In the validation stage, the 14 miRNAs were each quantified in triplicate in total RNA extracted from FFPE BBD lesions of matched cases and controls using Taqman® miRNA qPCR assays and reagents (Applied Biosystems, CA, USA) as described elsewhere [17]. MiR-191 and RNU6b were used as endogenous controls for data normalization [17]. Quantitative PCR measurements were performed on a Step-One-Plus qPCR instrument using the manufacturer’s recommended 96 well-plates and covers, and using the qPCR cycles recommended for Taqman® miRNA quantifications. Quantitative data were then transferred to Excel sheets for statistical analysis.
Statistical analysis
Discovery stage
Unconditional logistic regression was used to generate odds ratios and 95% confidence intervals (CI) for the association between lifestyle factors and breast cancer risk. Quantitative factors, including body mass index (BMI (weight (kg)/height (m2)), age at menarche, age at first live birth and number of pregnancies, were categorized according to their distribution in the controls. A matched pair analysis was not used because a substantial proportion of subjects had missing data on lifestyle factors. Instead, we included the matching variables, age, age at diagnosis of BBD, and duration in the cohort, as covariates in the regression model. The association between BBD pathology and breast cancer risk was analyzed using logistic regression in the same way. The categories of “No breast lesion” and “Non-proliferative lesion” were combined and treated as the reference category.

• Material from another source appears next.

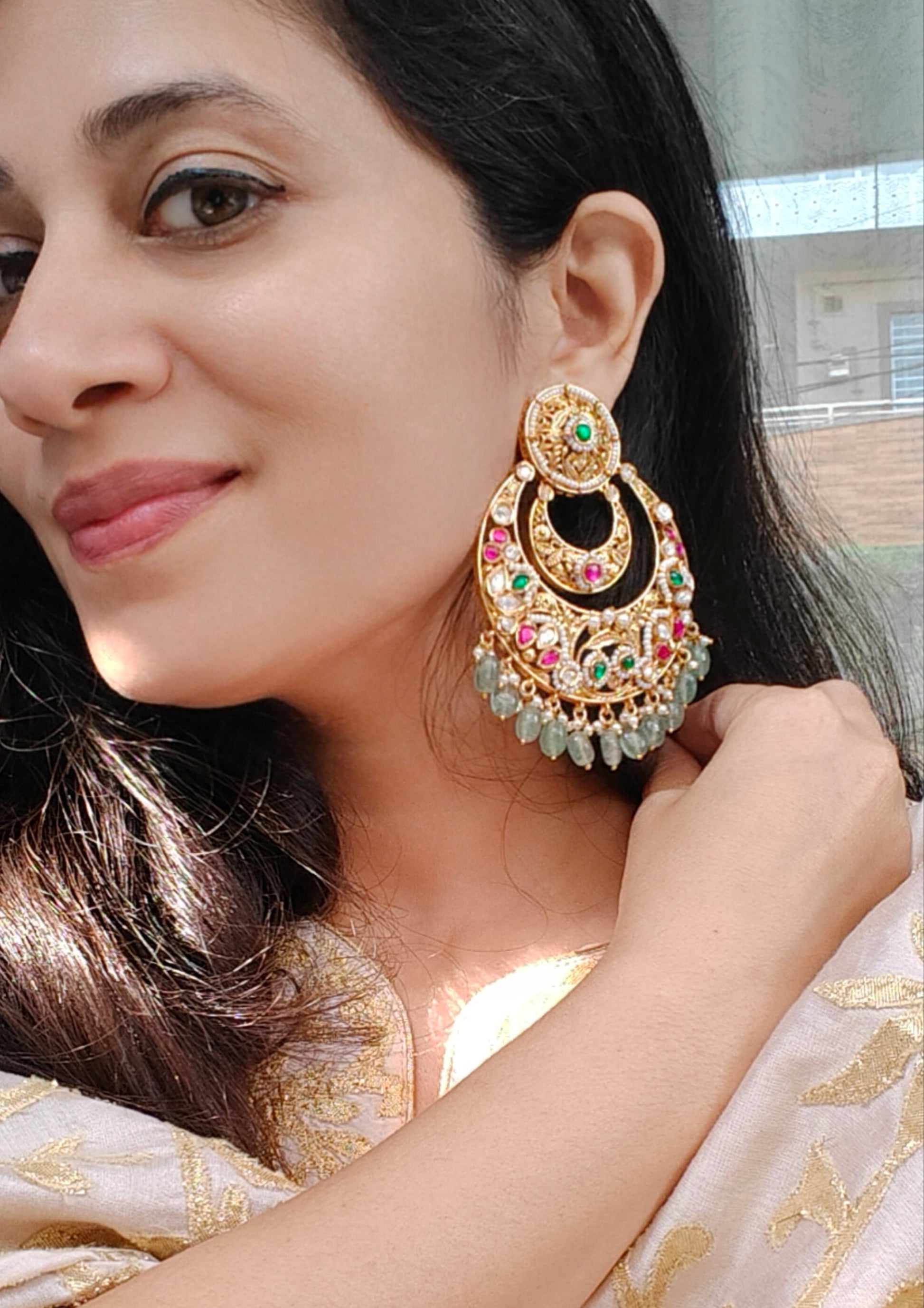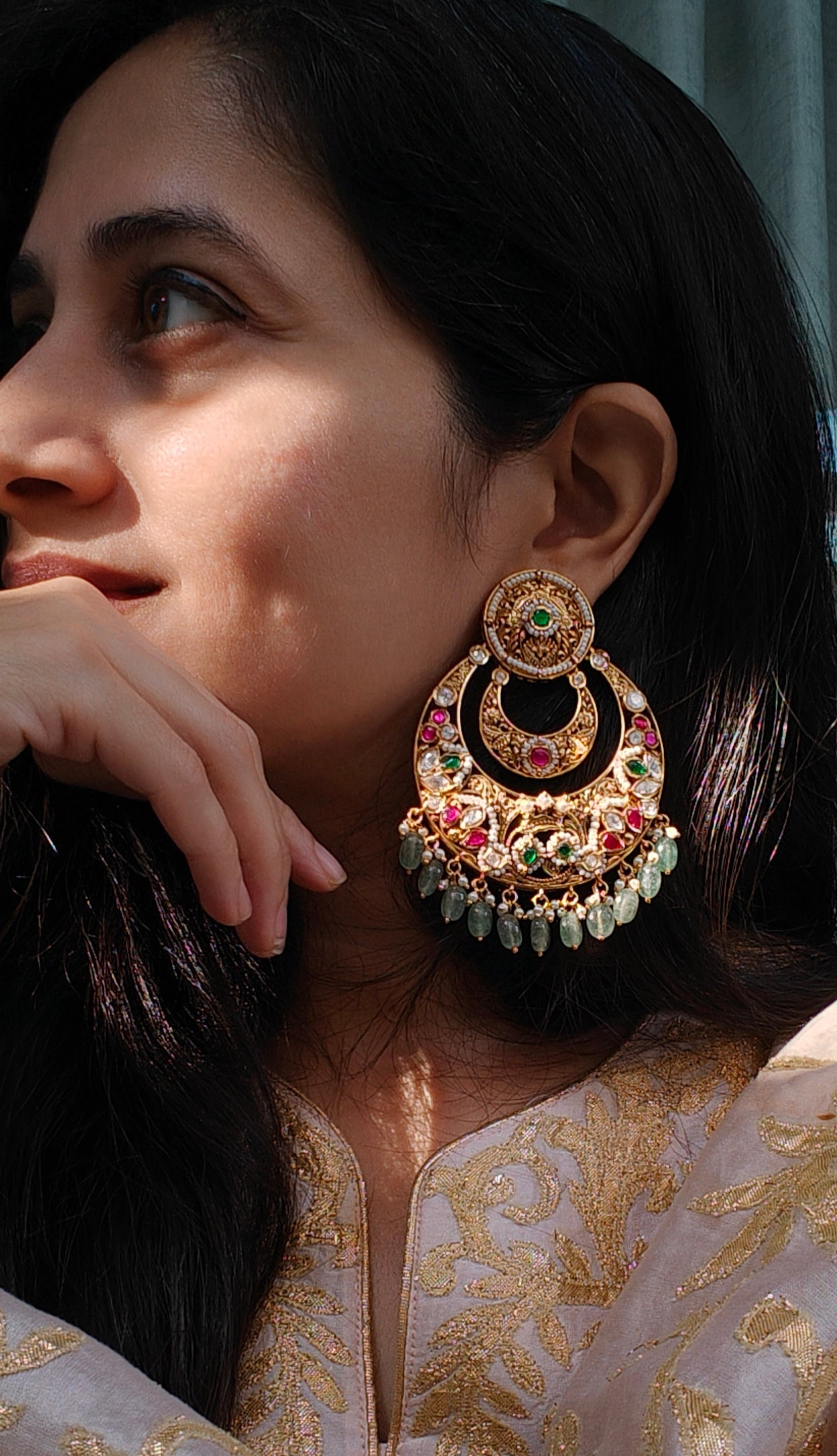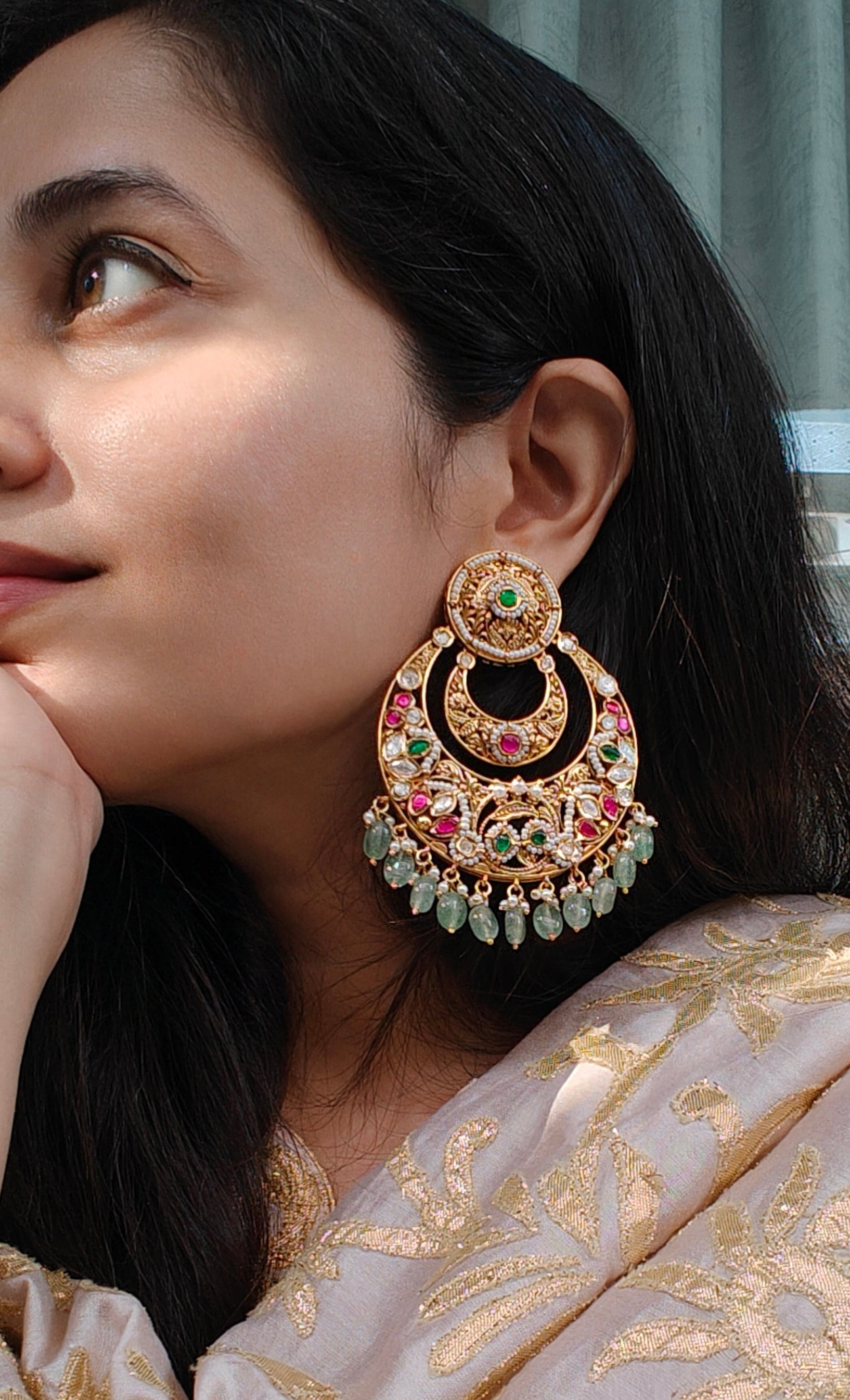 A masterpiece from our Luxe Collection, these chandbalis are crafted in the timeless art of Jadau and finished in 18kt gold polish. Hand-set with vibrant kundan, ruby, and emerald accents, and adorned with delicate green drops, they embody the grandeur of India’s regal traditions. A rare jewel for those who value exclusivity and heritage.

For analysis of the miRNA data from the discovery stage, obtained using the Illumina MiRNA Expression Profiling Assay, we log-transformed and quantile normalized the miRNA intensity values obtained from the Illumina bead arrays, and used them in all further analysis of miRNA expression levels. For each sample, correlation coefficients were computed between the duplicated arrays to assess repeatability. Batch effects associated with use of the Illumina arrays were discovered by visualization and by examining the statistical significance of a variable representing batch, as assessed by ANOVA. In analysis of the association between miRNA levels and breast cancer risk, a total of 246 miRNAs were excluded, as in more than 95% of the 1248 arrays they were below the detection level (P-values > 0.05 compared to background noise, as reported by Genome Studio.)
Linear regression was used to evaluate the association between the expression level of each miRNA (response) and the risk factors (explanatory variables) such as cigarette smoking, BMI, etc., using the control samples only, and adjusted for batch effect by including a factor representing batch as a covariate. In the regression, the miRNA expression level for each sample was the average of two replicates, weighted by the reciprocal of the sample variance between the two replicates.
Linear regression was also used to evaluate the association between the expression level of each miRNA and breast cancer risk, in which the average of two replicated miRNA measures was used as the response and case-control status was the explanatory variable, and the batch factor was entered as a covariate. Subjects (n = 14) with atypical hyperplasia were excluded from this analysis, as atypical hyperplasia itself was strongly associated with breast cancer risk. We computed variances between the two replicates for each sample. Those measurements with larger variances are less reliable; therefore, in the regression analysis for each miRNA, the samples were weighted based on the between-duplicate variance for that miRNA. To avoid certain samples exerting excessively high influence because of very small between-duplicate variance that might have occurred by chance, we assigned the weights in the following way: those samples whose between-duplicate variances were below the median between-duplicate variance received equal weight, at the value of the reciprocal of the median between-duplicate variance; the other half, whose between-duplicate variances were at or above the median, were weighted lower, using the reciprocal of their between-duplicate variance. From this analysis, the top 71 miRNAs with lowest P-values were selected for qPCR validation in the intermediate stage.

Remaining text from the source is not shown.